Naskręcki Bartosz, Dauter Zbigniew, Jaskolski Mariusz
Faculty of Mathematics and Computer Science, A. Mickiewicz University, Poznan, Poland.
Macromolecular Crystallography Laboratory, NCI, Argonne National Laboratory, Argonne, USA.
Acta Crystallogr A Found Adv. 2021 Mar 1;77(Pt 2):126-129. doi: 10.1107/S2053273320016186. Epub 2021 Feb 4.

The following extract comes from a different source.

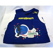 DOIS COLETES DE IDENTIFICAÇÃO, EM TECIDO AZUL MARINHO, COM LATERAIS VAZADAS, PRESAS UMA A OUTRA POR DUAS TIRAS DE ELÁSTICO. NA FRENTE, ESTAMPA MOSTRANDO O PERFIL DE UM HOMEM CANTANDO, COM O GLOBO AO FUNDO, E A INSCRIÇÃO 'RIO CARNAVAL 2009'. NA PARTE SUPERIOR, 'PRESIDENTE' E 'LIESA RIOTUR'. ATRÁS, 'PRESIDENTE / CARNAVAL 2009' E LOGOMARCA DA PREFEITURA DO RIO DE JANEIRO.
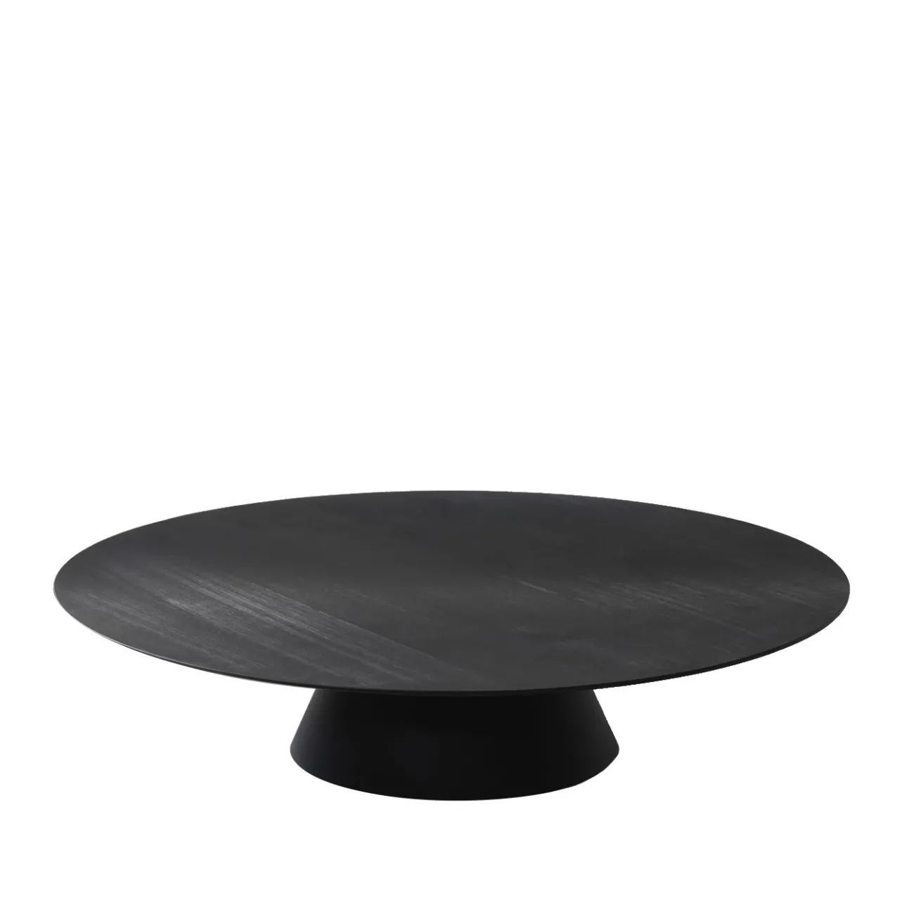 Questo elegante tavolino rotondo porta in casa un elemento di sottile minimalismo. Una base rotonda corta che si assottiglia verso la parte superiore sostiene il piano piatto rotondo con una sorprendente texture spazzolata sulla superficie. L’intero pezzo è realizzato in legno di larice verniciato con una lacca nera opaca. Questo tavolo aggiunge un tocco di semplice raffinatezza a qualsiasi ambiente. È ideale in un salotto come oggetto funzionale, ma è sufficientemente suggestivo da poter essere utilizzato per scopi decorativi, come l’esposizione di sculture o altri oggetti decorativi.

The puzzling observation that the famous Euler's formula for three-dimensional polyhedra V - E + F = 2 or Euler characteristic χ = V - E + F - I = 1 (where V, E, F are the numbers of the bounding vertices, edges and faces, respectively, and I = 1 counts the single solid itself) when applied to space-filling solids, such as crystallographic asymmetric units or Dirichlet domains, are modified in such a way that they sum up to a value one unit smaller (i.e. to 1 or 0, respectively) is herewith given general validity. The proof provided in this paper for the modified Euler characteristic, χ = V - E + F - I = 0, is divided into two parts. First, it is demonstrated for translational lattices by using a simple argument based on parity groups of integer-indexed elements of the lattice. Next, Whitehead's theorem, about the invariance of the Euler characteristic, is used to extend the argument from the unit cell to its asymmetric unit components.
著名的三维多面体欧拉公式(V - E + F = 2)或欧拉特征(\chi = V - E + F - I = 1)(其中(V)、(E)、(F)分别是边界顶点、边和面的数量,且(I = 1)表示单个立体本身),当应用于诸如晶体学不对称单元或狄利克雷域等空间填充固体时,会以这样一种方式被修改,即它们的总和比原来的值小一个单位(即分别为(1)或(0)),本文在此证明这种修改具有普遍有效性。本文给出的关于修改后的欧拉特征(\chi = V - E + F - I = 0)的证明分为两部分。首先,通过基于晶格整数索引元素的奇偶群的简单论证,对平移晶格进行了证明。其次,利用关于欧拉特征不变性的怀特黑德定理,将该论证从晶胞扩展到其不对称单元分量。